Among the biggest failings, in my view, is the handling of the climactic scene--the roll call vote on the 13th Amendment to the constitution that abolished slavery. It's drawn out needlessly here. It's very simply preposterous to think that there would have been any kind of cliffhanger moment--that no one would have known the outcome until it was formerly announced to the speaker of the house. As the count came in, those present would surely have been keeping tally themselves. It would have been apparent that the amendment had passed as soon as the required number of votes came in—before the entire roll had been called. Another example of force-fed drama where a quieter, more subtle approach would have been sufficient—and ultimately more powerful. Repeatedly in this film we see Spielberg as magician reaching into his hat to pull out a rabbit, the magician seemingly oblivious to the fact that he's chosen a top hat made of glass: We can see the rabbit before the trick is done.

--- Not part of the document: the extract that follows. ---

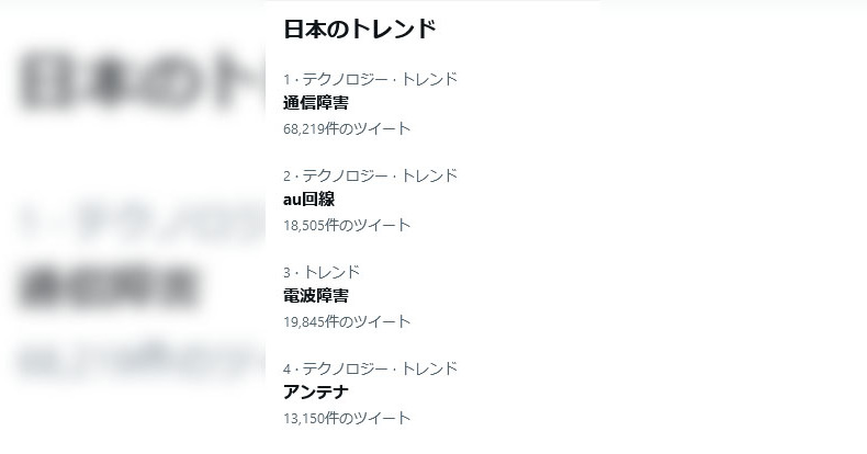 Twitterでは「通信障害」「au回線」「電波障害」「アンテナ」など多数の関連ワードがトレンドに。音声通話ができず知人や家族と連絡ができない、出先で通信ができず外出できない、二段階認証でSMSが届かずサービスにログインできない声もあがっており、復旧が待たれます。

The end of the film, too, seems poorly conceived. The scene between Thaddeus Stevens (Tommy Lee Jones) and his quadroon housekeeper in bed, for example, was somewhat baffling, as it comes out of the blue (unless you already know the history). Their relationship was a real one. The housekeeper was Lydia Hamilton Smith and apparently she and Stevens were lovers, but the relationship could have been more subtly suggested if there were no time to develop it as part of the story. Instead of trying to surprise us with this sudden revelation (another rabbit), why not explain what their relationship actually was? Throughout Lincoln there is an overt, well-intentioned surface effort to be respectful of the African Americans portrayed without any attempt to clarify exactly what these people were doing at the time, which, apparently, was far more than the film suggests. Spielberg's treatment gives the impression that free blacks in Washington and elsewhere were patiently waiting around for white men to hand them freedom--which is not entirely true.

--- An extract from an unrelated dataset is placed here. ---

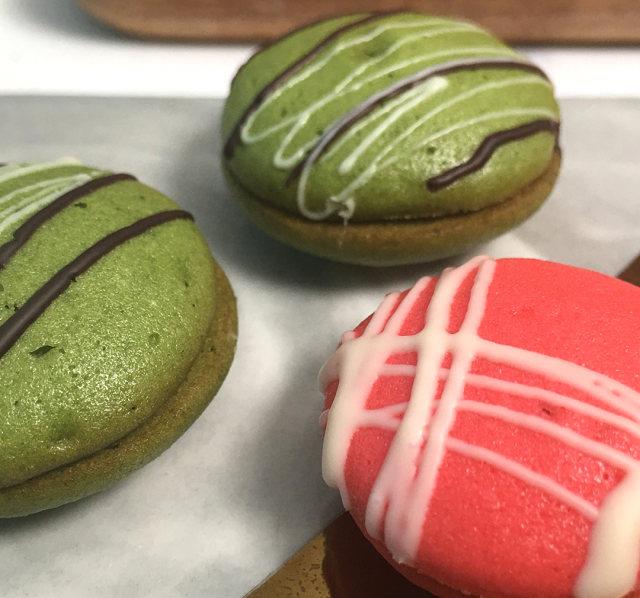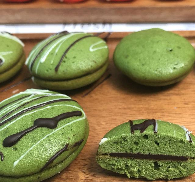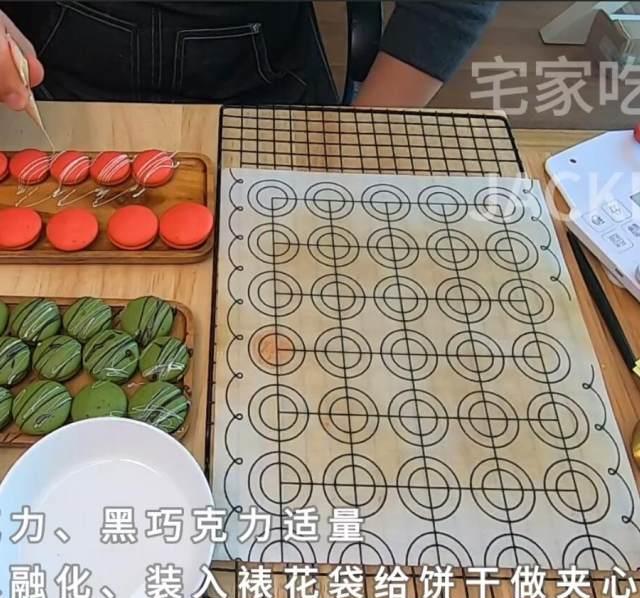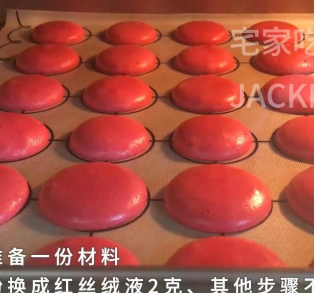原料:蛋白、糖粉、低筋面粉、杏仁粉、无盐黄油、抹茶粉、红丝绒液、白巧克力、黑巧克力。

Likewise, I fail to understand the point of the late clip of Lincoln delivering part of his Second Inaugural Address, which comes after we are shown Lincoln dead. The way it's presented, it has the feel of an outtake pinned to the film's backside just because someone thought it would be a shame to waste it. The assassination itself could have been left out, too, for that matter. We know that part of the story. The film would have been far more effective if it had concentrated on the drama chosen for its focus--the politics--letting that drama speak for itself.
Not a bad film. As I say, it's sufficiently interesting that it doesn't seem overly long, despite its two-and-a-half hour running time, but it suffers from perhaps the most common flaw of much Hollywood filmmaking: It is heavy-handed where it doesn't need to be. It assumes that its audience lacks intelligence and is incapable of enjoying anything but the crudest forms of entertainment.